The Walt Disney Company on Wednesday announced a joint venture with India's largest conglomerate, Reliance Industries, in an $8.5 billion deal that will create a media powerhouse in the world's most populous country and end Disney's decades-long solo effort to gain a foothold in the market. .
Reliance Industries, owned by Mukesh Ambani, India's richest man, will be Disney's senior partner in the deal. With a market capitalization of $239 billion and the rights to the hugely popular Indian Premier League cricket matches, Reliance is a juggernaut in the media landscape in India.
Disney and Reliance already had a market share of around 40 to 45 percent in advertising and the same share of streaming, giving them a big edge over rivals, said Karan Dourani, research analyst at Elara Capital.

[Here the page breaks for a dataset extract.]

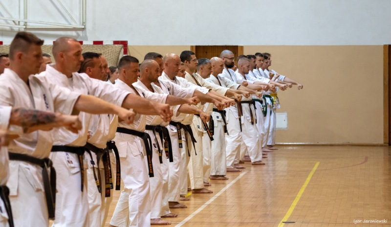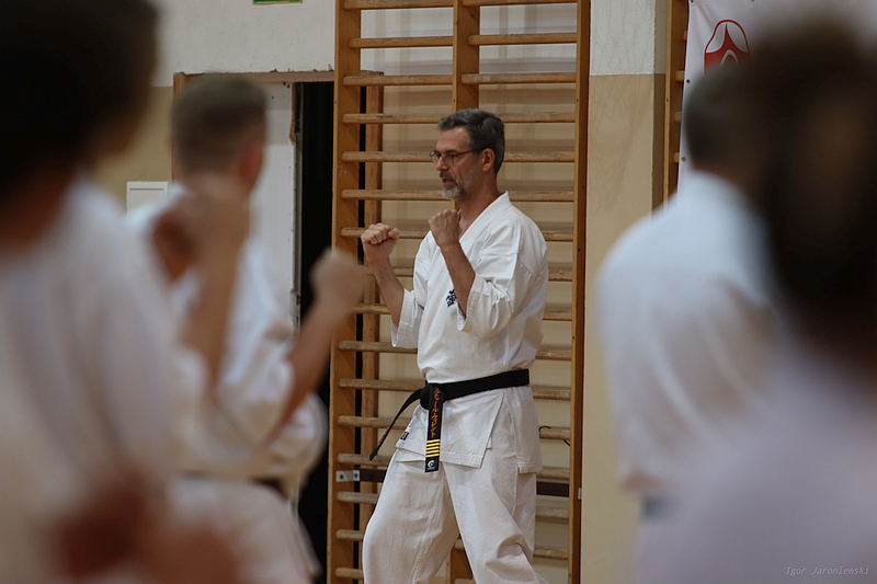 Shihan Artur Wilento 5 dan prowadził treningi kata, ido-geiko i elementów kumite.

“This will lead to better profitability in both TV and streaming because content costs will come down,” Mr. Dourani said.
As part of the deal, Disney will merge its Indian operations with Viacom18, a division of Reliance Industries. Reliance and Viacom18 will hold 63 percent of the new venture Disney 37 percent, institutions said in a statement. Reliance will pay $1.4 billion to consolidate its control.

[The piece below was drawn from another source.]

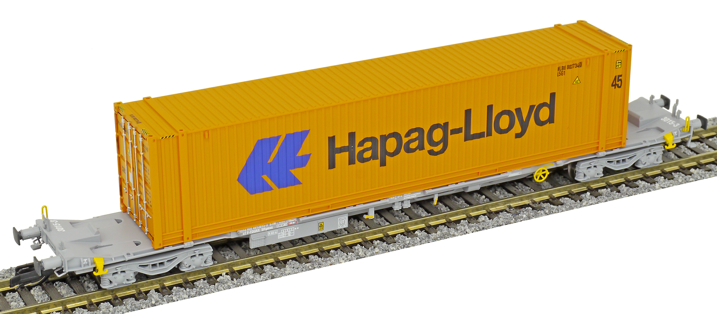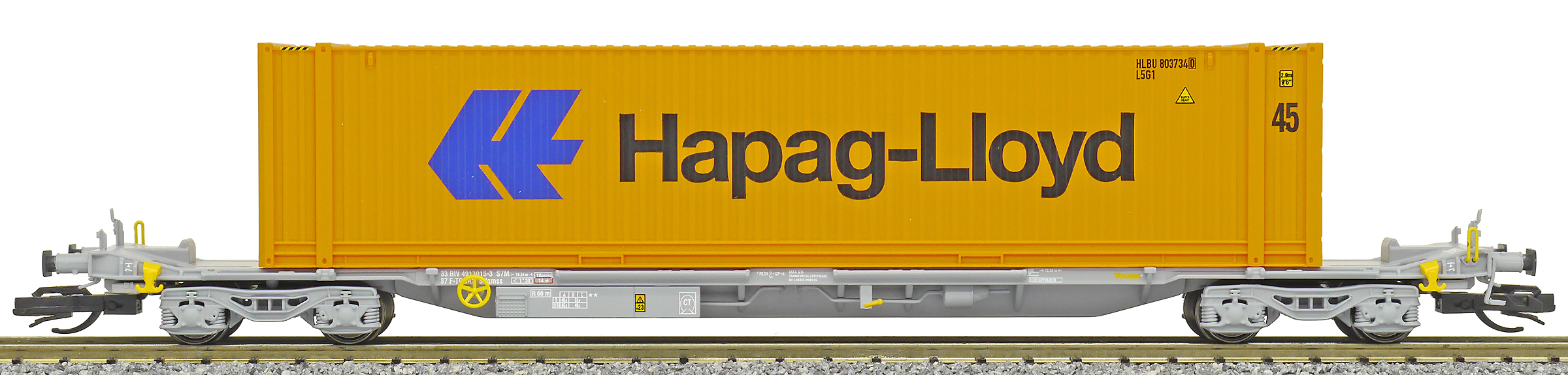 | kontejnerový vůz „IFA” šedý ložený 45' kontejnerem „Hapag-Lloyd” |

Chairman of the joint venture Mr. Ambani's wife Nida M. Ambani will be there; Uday Shankar, former chairman of Disney India, will be the vice-chairman.
“Reliance has a deep understanding of the Indian market and consumer,” said Disney chief executive Robert A. Iger said in a statement. “We are excited for the opportunities this joint venture offers to create long-term value.”
Disney is one of the largest companies in the world, valued at $200 billion; But in India, it has no relevance for the domestic hero.
Disney first came to India, now a nation of 1.4 billion potential media consumers, in 1993 to find a distributor to air some of its content.
With India's market, Disney's ambitions grew. Last year, accounting and consulting firm EY estimated India's media landscape to be worth $30 billion this year and $100 billion by 2030.
Disney's adventures in India peaked in 2019 when it acquired 21st Century Fox from the Murdoch family's News Corporation, among Fox's properties, Disney won the TV and streaming rights for Indian Premier League cricket matches.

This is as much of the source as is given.